How to articulate my reaction to Mad Max: Fury Road (2015)? Well, on the one hand it’s profoundly stupid. On the other hand, it’s stupidly profound. However you slice it this is a singular creation, perhaps disposable but also oddly essential—a movie of its time.
In a radioactive, post-collapse world, a pocket of survivors lives under the vile, ruling hand of Immortan Joe (Hugh Keays-Byrne), a repressive dictator who controls a rare source of fresh water and subjugates his people with ruthless abandon. The action begins when one of his trusted drivers, Furiosa (Charlize Theron), goes rogue during a convoy run. Driving a massive war rig, Furiosa has smuggled Joe’s enslaved wives out of captivity, determined to deliver them to freedom. Entangled in the ensuing escape is Max (Tom Hardy), a “blood boy” whose destiny crosses paths with the escaping women, and gives him a chance to redeem himself for a murky failure of his past.
Make no mistake, Mad Max: Fury Road is one long car chase. Comprised of lengthy, brutal action sequences, it’s a dystopian travelogue through an interminable futuristic desert, with Furiosa and Max leading a spirited resistance to Immortan Joe’s small army of vicious pursuers. On this level, it’s a chaotic mess. The violence is bloody, the pace is relentless, the physics are suspect, and eyeball kicks never cease. Unfortunately, character is at a premium. Hardy makes a decent action hero; Theron one-ups him, both in terms of formidability and charisma. But their characters aren’t so much people as they are emblems. I cared about them as a team fighting insurmountable odds, but there’s no depth to them.
Which is probably deliberate. Because while it may be one long car chase, it’s also one long metaphor—an ultraviolent, hilariously silly, often unsubtle metaphor. Consider this: wealthy old men literally trickle down their riches to the desperate masses. They wield an army of uninformed white (really white) men to perpetuate their rule. They’ll do anything in the name of gas, bullets, or power. They treat women as property. This is, in other words, our world, painted in crude brushstrokes on the violent canvas of a blockbuster action film, a genre it has undertaken to slyly subvert.

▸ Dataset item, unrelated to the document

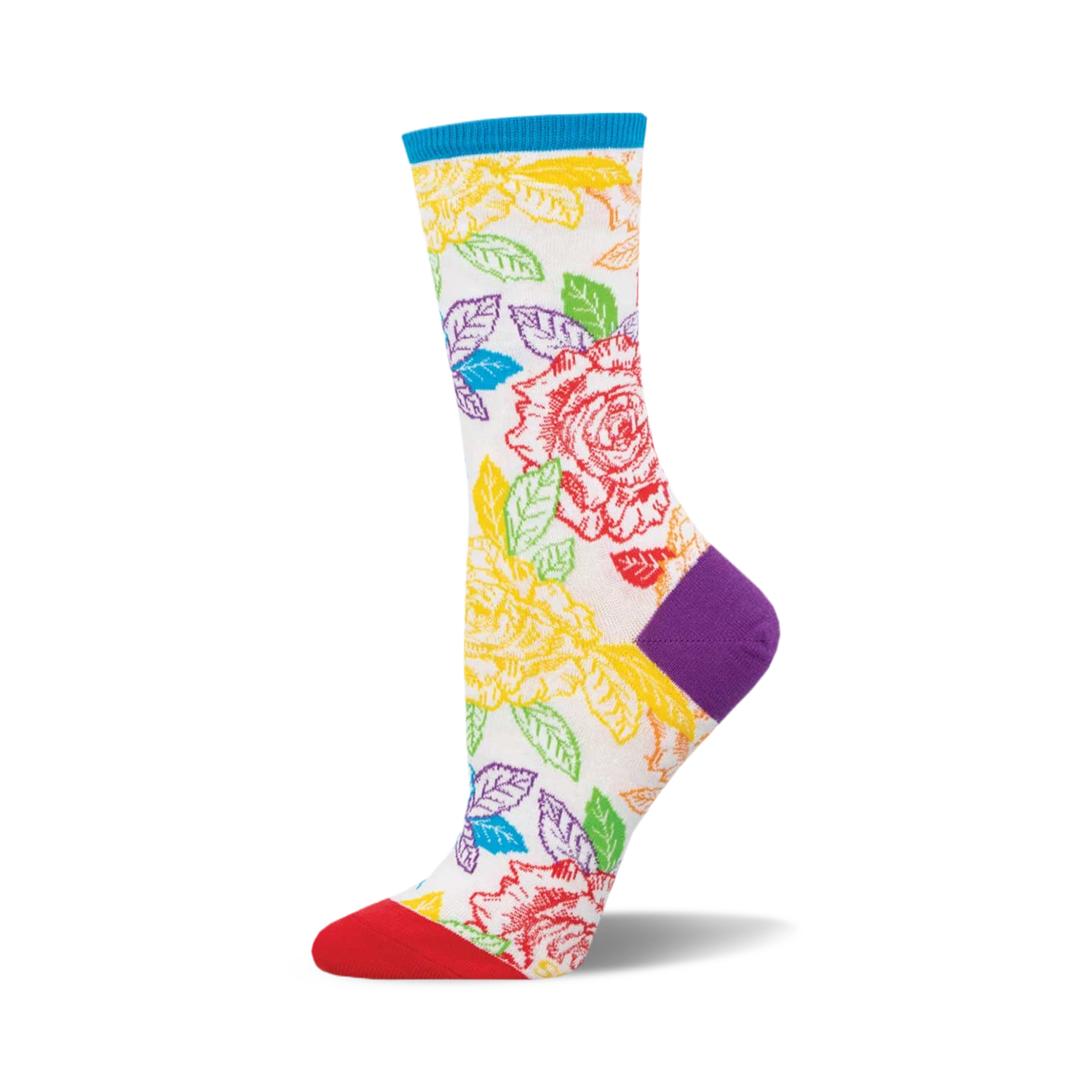 Imagine twirling through your day with a burst of color at your feet! Gay Roses socks are a vivid tapestry of roses and leaves, dancing in a spectrum from fiery red to bold purple against a clean white backdrop. Whether you’re jazzing up a Monday morning or adding a splash to your weekend wear, these socks bring a pop of fun and a dash of sass wherever you go. Hosting a garden party? Strut around flaunting your florals! Lounging at home? Cozy up in style! Why blend in when you were born to stand out? Grab a pair, and let your feet do the talking!

This is a fiercely progressive film wearing the clothes of a reactionary, conservative genre. There’s a peculiar joy in watching it dismantle the tropes of testosterone-fueled cinema. The male heroes are the ones who finally recognize the vileness of the status quo and decide to stand up to it. Take pasty, skinhead warboy Nux (Nicholas Hoult), who crumbles under the toxic masculinity of his culture, only to finally see through it and change his tune. Then there’s Max, the nominal protagonist, but more heroic in the way he supports Furiosa and her mission. The viewer’s heart is ultimately with Furiosa, and her charges, and their efforts to overturn a status quo that has long victimized and diminished them. There’s a level of crafty subtextual discourse to the film that renders its shallow characters, harebrained logistics, and simplistic plot surprisingly triumphant.
Of course, to absorb all that you have to get past the audacious idiocy of its details. I laughed for the wrong reasons as well as the right ones. But even the eyerolls come with a bonus spark of sociopolitical commentary. Or at least, that’s my take: I’m still confused as to whether I’m giving this one too much credit, or not enough. You know what they say: there’s a fine line between clever and stupid. Mad Max: Fury Road has plenty of both.